Selain ketatnya persaingan, tantangan lain yang harus diantisipasi Praveen/Melati, dan pemain lain adalah tidak ada turnamen ”pemanasan” menjelang All England. Semula, Praveen/Melati, Hafiz Faizal/Gloria Emanuelle Widjaja, dan Rinov Rivaldy/Pitha Haningtyas Mentari serta pemain-pemain tunggal putri diagendakan mengikuti Jerman Terbuka, 3-8 Maret. Namun, sepekan sebelum pelaksanaan, turnamen dibatalkan oleh pemerintah kota Muelheim, Jerman, terkait korona.
”Lawan yang akan dihadapi sebenarnya sama dengan turnamen lain, tetapi persaingan di All England terasa lebih ketat karena semua ingin juara. Pemain bukan unggulan pun ingin juara.”
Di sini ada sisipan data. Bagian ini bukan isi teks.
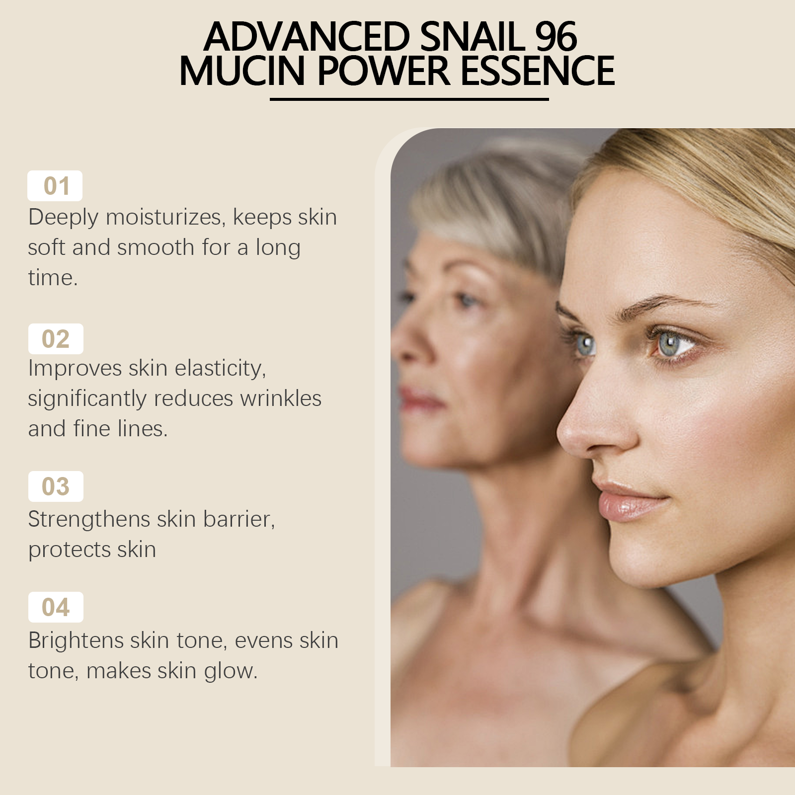 Our snail mucin serum contains snail secretion filtrate, hyaluronic acid, vitamin C(ascorbic acid). It traps moisture. Long-lasting moisturizing leaves skin softer and smoother. Promotes collagen production, significantly reduces fine lines, and stores elasticity. Its use method is very simple: 1. After cleansing, apply appropriate amount of this product evenly on the face. 2. Gently massage the eye socket to promote absorption. Enhances skin barrier function to protect delicate skin. Even out skin tone, brighten skin tone and make skin glow.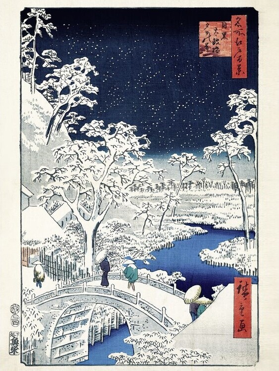 Umělecký tisk Bubnový most Meguro a kopec Sunset Hill, Utagawa Hiroshige, 30 × 40 cm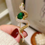Unleash your inner elegance with this striking Green Diamond Snake Brooch. Designed in a serpentine silhouette, this statement pin features a sparkling emerald-green crystal set against a winding body of dazzling pavé-set cubic zirconia. Crafted from eco-friendly gold-plated brass, the brooch is nickel-free and hypoallergenic, ensuring both beauty and comfort.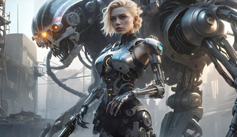 А вот - посерьёзнее: иллюстрация к несуществующему фантастическому боевику, про воюющих в космосе биомеханических дев и их боевых роботов:

Dengan kondisi tersebut, atlet ganda campuran pun tak bertanding sejak Indonesia Masters, pertengahan Januari. ”Dengan tidak ada Jerman Terbuka, kami tidak bisa menjalani penyesuaian suasana turnamen sebelum All England, jadi harus benar-benar siap dan tidak boleh lengah sejak pertandingan pertama. Tetapi, waktunya bisa kami gunakan untuk mempersiapkan diri dengan lebih matang,” tutur Melati.
Pembatalan Jerman Terbuka disiasati oleh tim pelatih ganda campuran yang dipimpin Richard Mainaky, dengan membuat simulasi pertandingan pada pekan terakhir sebelum bertolak ke Birmingham, Sabtu (7/3/2020).